My husband has a number of close friends, regular friends and a lot of acquaintances, understandably so because he's outgoing. I'm often amazed at how he meets someone new and in no time already hanging out with them. I know it's sort of a normal thing for guys but he's got a personality people are drawn to.
It's very funny when I see certain people getting attached to him when he's not really into them as much as they are into him. It is clear between us the level of friendship he has with these people but it seems people have a problem knowing their place in other's lives.
I don't mean this in a rude way, I'm just saying it as it is. A lot of people have a problem differentiating their close friends, seasonal friends and acquaintances.

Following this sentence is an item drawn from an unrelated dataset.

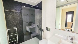 Prezentujemy wspaniałą willę w nowoczesnym stylu, położoną w spokojnej i dobrze skomunikowanej dzielnicy mieszkalnej — idealne miejsce dla osób ceniących komfort, prywatność i wysoki standard życia. Wybudowana w 2014 roku, nieruchomość łączy nowoczesny design z wysokiej jakości materiałami i przemyślanym układem, zapewniającym maksymalną wygodę w każdym pomieszczeniu. Willa ma łączną powierzchnię 125 m² na działce 300 m². Dom zajmuje dwie kondygnacje, a na dachu znajduje się przestronny solarium — doskonałe miejsce do opalania i podziwiania otwartych widoków przez cały rok. Na parterze znajduje się jasny i przestronny salon z jadalnią w układzie otwartym, połączony z w pełni wyposażoną nowoczesną kuchnią. Tutaj znajduje się również główna sypialnia z garderobą, pełna łazienka i toaleta dla gości, wszystkie z bezpośrednim wyjściem do ogrodu i prywatnego basenu. Na piętrze znajdują się dwie dodatkowe duże sypialnie i kolejna pełna łazienka, wszystkie wypełnione naturalnym światłem i z dostępem do prywatnego tarasu. Z tego piętra zewnętrzne schody prowadzą do solarium, tworząc prywatną przestrzeń do relaksu, przyjmowania gości lub cieszenia się klimatem śródziemnomorskim. Willa wyposażona jest w centralną klimatyzację, ogrzewanie podłogowe w całym domu i sprzedawana jest w pełni umeblowana, gotowa do zamieszkania. Teren zewnętrzny łączy strefy wypoczynkowe z imponującym prywatnym basenem, tworząc idealne warunki do relaksu na świeżym powietrzu w pełnej prywatności. Dodatkowo na posesji znajduje się miejsce parkingowe, zapewniające wygodę i bezpieczeństwo. Nowoczesny styl architektoniczny, wysokiej jakości wykończenia i przestronne wnętrza sprawiają, że ta willa jest doskonałą opcją zarówno do stałego zamieszkania, jak i na dom wakacyjny. Ta willa ucieleśnia istotę śródziemnomorskiego komfortu: przestrzeń, światło, styl i doskonałą lokalizację w spokojnej i praktycznej okolicy. Idealny dom dla tych, którzy chcą w pełni cieszyć się słońcem, prywatnością i luksusem.

I call my husband a heartbreaker because one too many times he's been in situations where he's confused about the expectations some acquaintances have of him. It's not his fault that he has a warm personality that makes people think they're pals with him, but I sometimes blame him 😄
It's always funny to see grown men calling and asking to hang out with him in the same way they'd chase a girl. Meanwhile he's wondering how they got to the extent of talking past a minute on the phone.

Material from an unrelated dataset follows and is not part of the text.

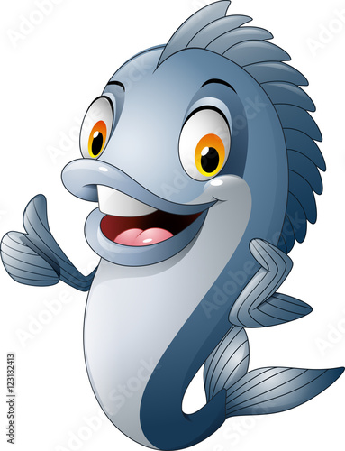 © ekyaky, Naklejka premium Cartoon fish giving thumb up

Unlike him, I'm not the outgoing type and I typically label almost everyone I know as acquaintances. As with everything else, I am very minimalistic with people also. I know a lot of people from different spaces I've been in but I'm not one to hold on to a thread of friendship if I don't hit it off with people.
My relationships are clearly defined and I know what I expect from different people. I don't have a particular friend group but I have only a few close friends that I rely on. For me, it's either you're a close friend or you're an acquaintance. There's really no in-between for me because I don't like to use the word 'friend' loosely. I just say friends because it's easier to say.
I was chatting with one of my high school best friends yesterday and we were talking about how we haven't seen in 10 years. It clicked yesterday that we've talked almost every day for over a decade yet we don't see each other. This kind of consistency is what I can't offer to everyone I was close to at some point, that's why they're called seasonal friendships.
It's okay to vibe with someone for a while, as much as a few years even but then you drift off. Nothing really happens, no quarrels, no beef, they just slip away. I understand how this can hurt especially when you think you were more than acquaintances but that's just life.
Sometimes, you're meant to experience people for a while and move on from them. Enjoy your moments with them while you can, share in their happiness, love them, and when the season ends, don't be mad about it.
If it's meant to be, they'd come around another season and they'd stay. Otherwise, don't keep grudges just because you're not friends anymore, that's not a bad thing. Honor your seasonal friendships. Even when you might have ended on bad terms, honor your seasonal friendships.
It's important to know your place in people's lives and not call everyone your friend. Some people have a very open and lovable personality, you just might think you have a best bud when in reality you're not their best bud. My husband has broken the hearts of grown men because they probably thought he was their best friend meanwhile this guy was just chilling with acquaintances.
I feel bad for such people for holding on to seasonal friendships and not understanding it for what it is. I know it's difficult making new friends in adulthood and it hurts losing the old ones, but people are not bad because your friendship ended.
People come, people go. Take this from the girl with a million and one seasonal friends, you'd be fine.